Dr. Buteyko’s Discovery

Russian scientist and medical doctor Konstantin Buteyko, in 1952, discovered that the real cause of asthma and other related diseases is a radical depletion of CO2 – carbon dioxide – in the lungs. This isn’t so strange when we learn that oxygen cannot be assimilated by cells without adequate amounts of CO2. There is only 0.03% carbon dioxide in the atmosphere today. Yet to absorb oxygen a healthy body requires about 6.5% carbon dioxide in the alveoli of the lungs. Therefore your lungs act to trap in some of the carbon dioxide produced by your body. Should the level of carbon dioxide in human lungs fall to 3%, it is fatal.

“Carbon dioxide is the basic nutrition of every life form of earth.

It acts as the main regulator of all functions in the organism;

it is the main internal environment of the organism; it is the vitamin of all vitamins.”

  • – KP Buteyko

According to Buteyko’s research, asthmatics and sufferers of other related conditions have adopted a breathing pattern which causes them to release more carbon dioxide than they produce. To prevent the level from dropping to far, the body has developed certain defence mechanisms. These include constriction of the bronchial muscles and increased production of mucus in the membranes of the breathing passages.

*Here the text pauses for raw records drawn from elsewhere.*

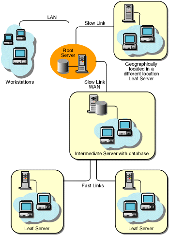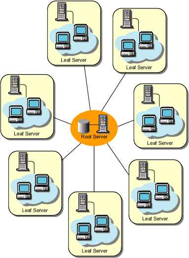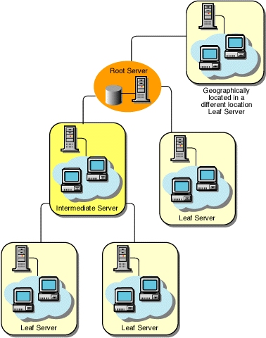 In this configuration, the Leaf Servers roll up data to the next-level Intermediate Server and finally to the Root Server. Another server at a different location is also connected to the Root Server.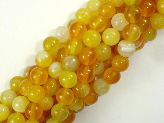 Banded Agate Beads, Yellow, 8mm Round Beads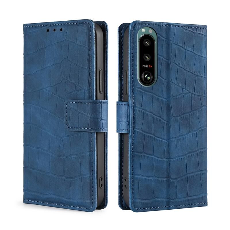 Για το Sony Xperia 5 III Skin Feel Crocodile Texture Μαγνητικό κούμπωμα Οριζόντια Flip PU δερμάτινη θήκη με θήκη & υποδοχές καρτών & πορτοφόλι (μπλε)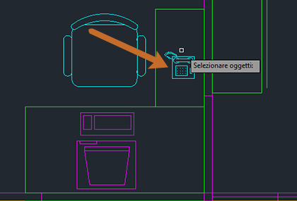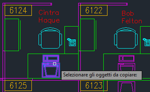 Si bloccherà temporaneamente il layer per i pannelli delle postazioni e si congelerà il layer di arredo in modo da poter cancellare gli oggetti desiderati, quindi annullare le azioni dei layer.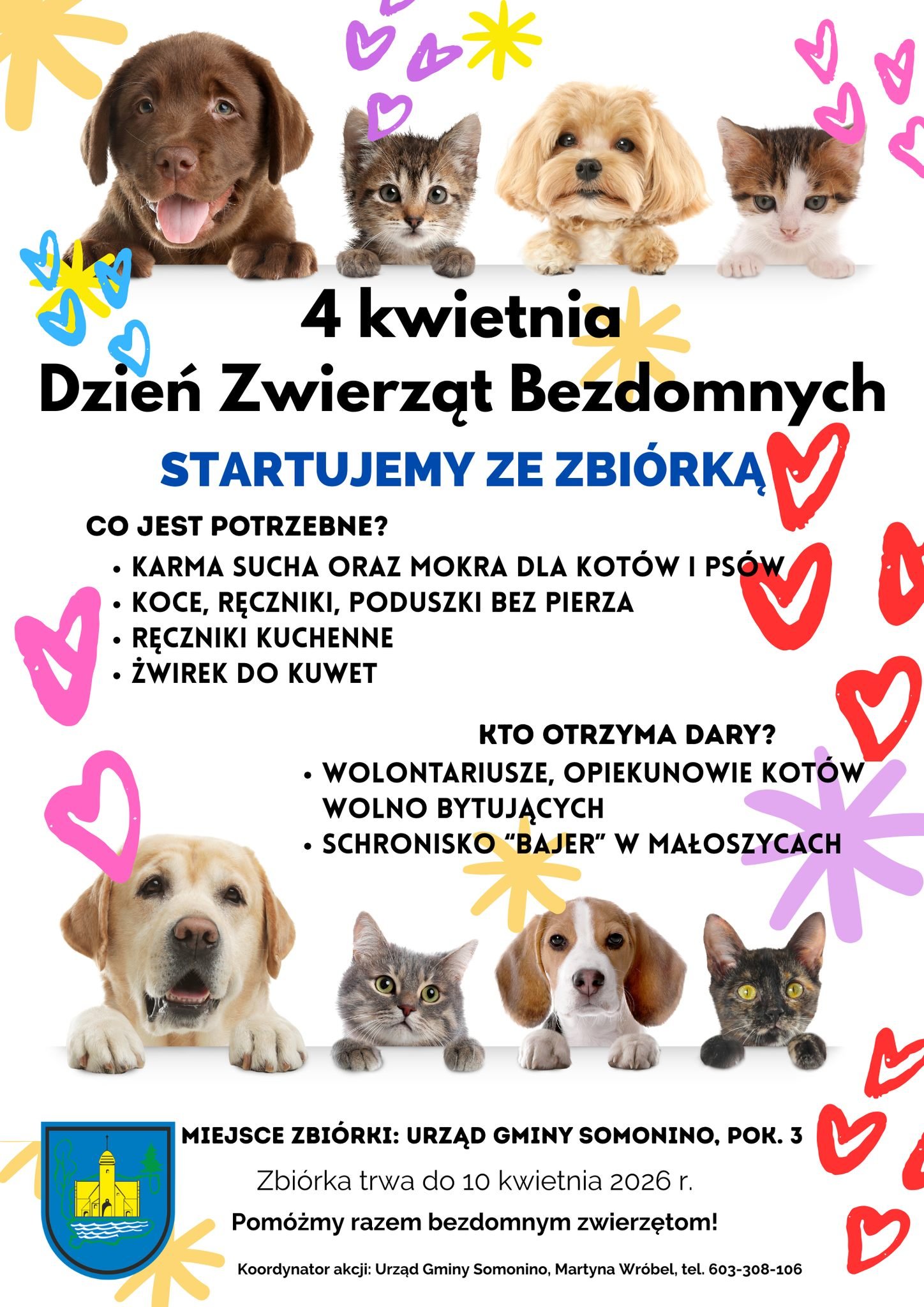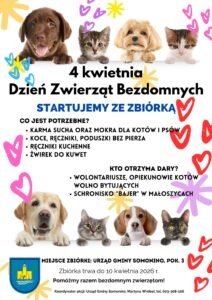 Z okazji Dnia Zwierząt Bezdomnych gmina Somonino, we współpracy z lokalnymi placówkami, organizuje zbiórkę karmy i akcesoriów dla potrzebujących zwierząt.

Signs of overbreathing are lightheadedness, dizziness, poor concentration, shortness of breath, over sensitivity of the airways, excessive production of mucus, blocked or runny nose, mouth breathing, palpitations, skipped heart beats, muscular spasms, different degrees of anxiety, tension, apprehension, fatigue, insomnia, abdominal bloating, loss of consciousness, and the list goes on!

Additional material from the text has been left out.